What is the Wind Speed at Altitude Calculator?
This tool estimates how wind speed changes with height above the ground using the wind shear power law. Wind is slower near the surface because of friction with terrain and obstacles, and it speeds up as you climb. Engineers, wind-turbine planners, and meteorologists use this relationship to scale a measured wind speed from one height (such as a 10 m weather mast) to a target height (such as a turbine hub at 50 m or higher).
How to use it
Enter a known wind speed and the height at which it was measured (h₁). Then enter the target height (h₂) you want the speed for, and the wind shear exponent α for your terrain.
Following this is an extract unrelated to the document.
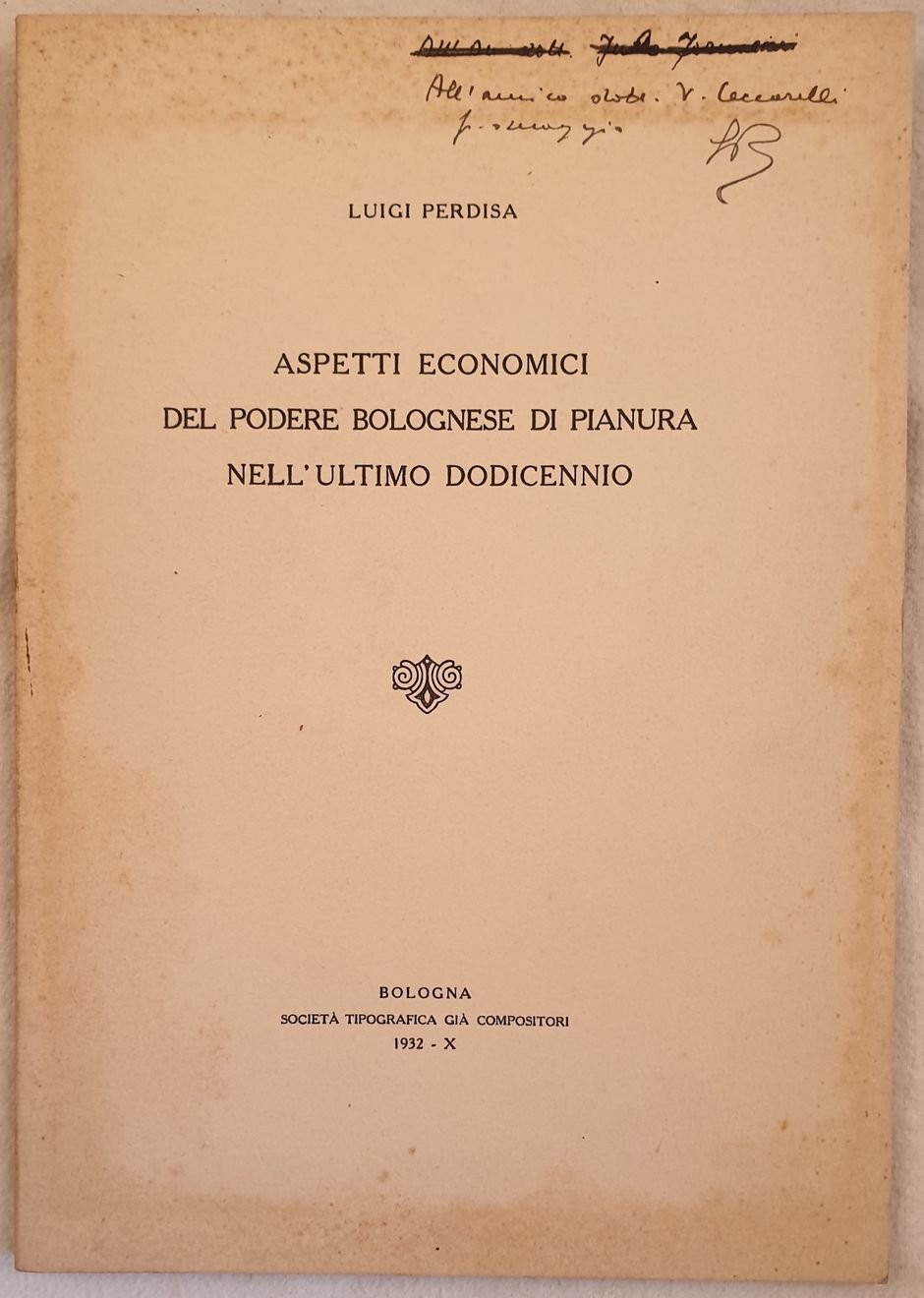 Edizione del 1932 di questa monografia sugli aspetti economici del podere bolognese di pianura nel periodo dal 1919-1930 scritto da Luigi Perdisa. Estratto dalla rivista "Risparmio e credito nella Regione Emiliana" n. 1-2 Gennaio febbraio 1932. Dedica in copertina. In ottime condizioni. Copertina editoriale in ottime condizioni generali con lievi usure ai margini e dorso. Legatura in buone condizioni. All'interno le pagine si presentano in ottime condizioni con rare fioriture. In 8. Dim. 24,5x17,5 cm. Pp. 29. Edition of 1932 of this monography about economical aspects of Bologna property in plains during the peirod from 1919 to 1930 written by Luigi Perdisa. Extract from the magazine "Risparmio e credito nella Regione Emiliana" n. 1-2 January february 1932. Dedication in the cover. In very good conditions. Editorial cover in very good conditions slightly worn in the edges and spine. Binding in good conditions. Inside pages are in very good conditions with occaisonal foxings. In 8. Dim. 24,5x17,5 cm. Pp. 29.
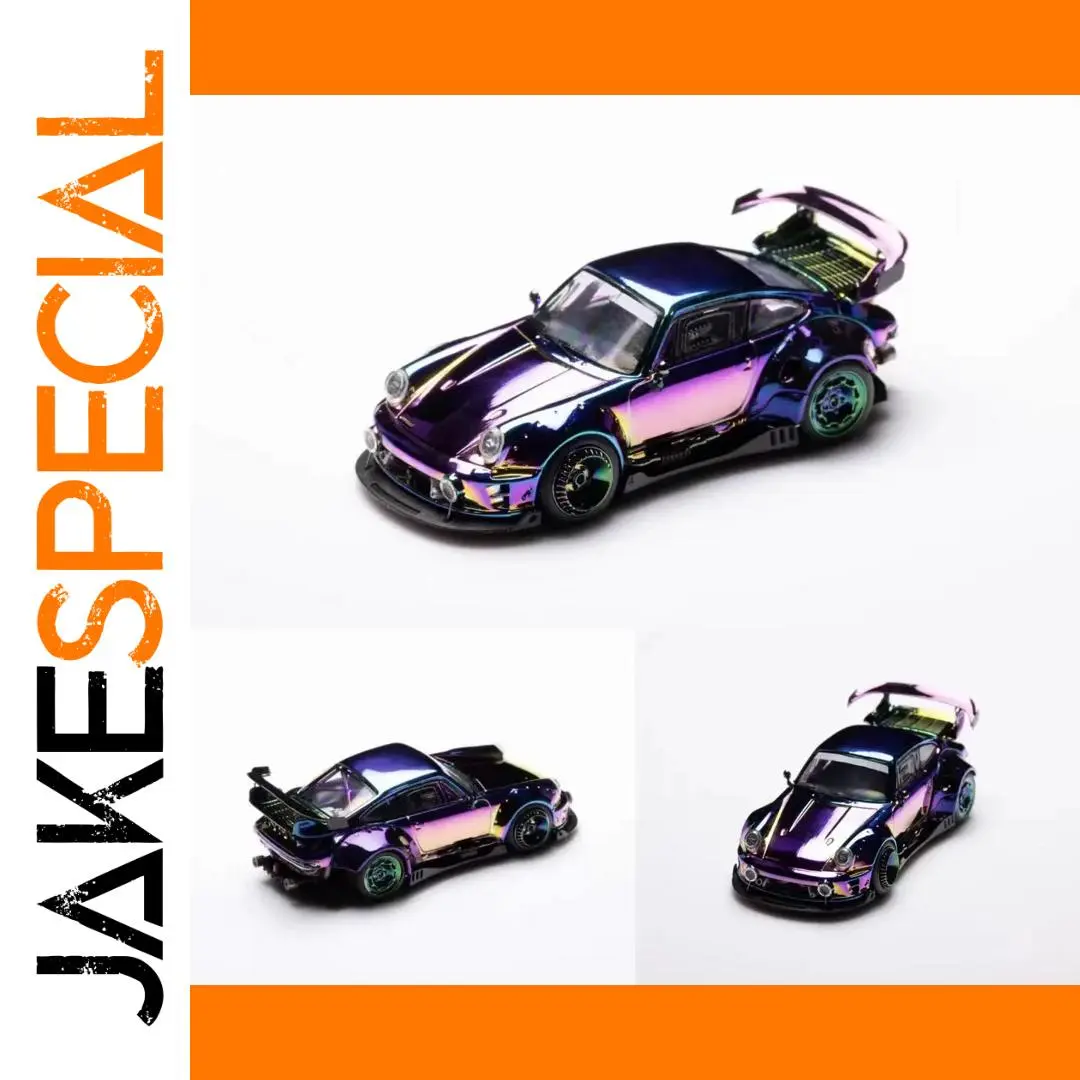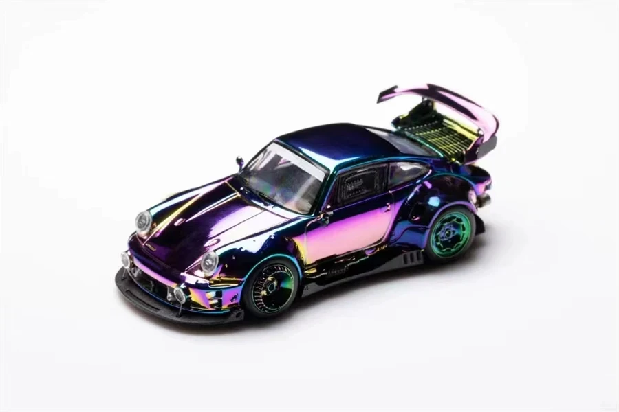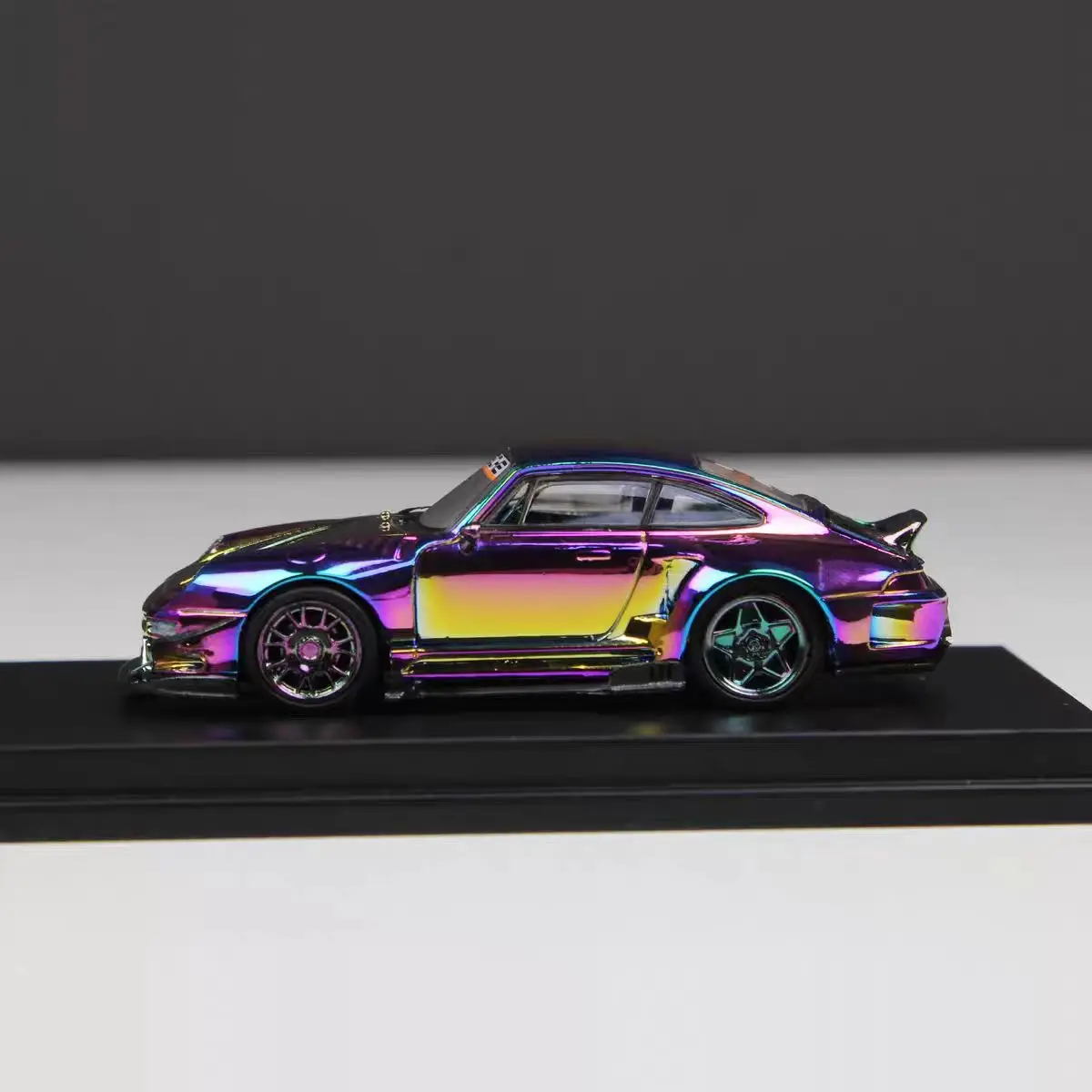 Experience the dynamic appeal of this 1:64 scale diecast model car, crafted from alloy with no electrical components or batteries. Featuring an iridescent, colorful plating finish that shifts between purple, pink, and blue, this model offers a captivating holographic effect. It showcases detailed sculpted fenders, sleek aerodynamics, a prominent rear wing spoiler in matching iridescent hues, and intricate engine bay craftsmanship. With multi-spoke black rims accented in green and low-profile tires, it embodies a sporty and futuristic aesthetic. Suitable for collectors aged 14 and above, this high-quality display piece combines vibrant color, detailed design, and superior craftsmanship to bring your collection to life.

The calculator returns the projected wind speed, the height ratio, and the percentage change relative to the reference speed.
The formula explained
The power law is $$v_2 = v_1 \cdot \left( \frac{h_2}{h_1} \right)^{\alpha}$$ The exponent \(\alpha\) (the Hellmann or wind-shear exponent) captures surface roughness: about 0.10 over open water or ice, 0.143 (the common "1/7 power law") over open terrain, 0.20 for suburbs, and 0.27 or more for woodland and dense cities. The percentage change in speed equals \(\left( h_2/h_1 \right)^{\alpha} - 1\) and does not depend on \(v_1\).
Worked example
Suppose wind is measured at 5 m/s at 10 m over open terrain (\(\alpha = 0.143\)) and you want the speed at 50 m. The ratio is \(50/10 = 5\), and \(5^{0.143} \approx 1.2588\), so $$v_2 \approx 5 \times 1.2588 = 6.29 \text{ m/s}$$ — about 25.88% faster than at the reference height.
FAQ
Is this an exact value? No. The power law is an empirical approximation; actual profiles vary with stability, time of day, and terrain.
What \(\alpha\) should I use? Use 0.143 as a neutral open-terrain default, and increase it for rougher surfaces. Site-specific \(\alpha\) can be derived from two measured heights.
Does it work for extrapolating downward? Yes — set h₂ below h₁ and the result will be a lower wind speed.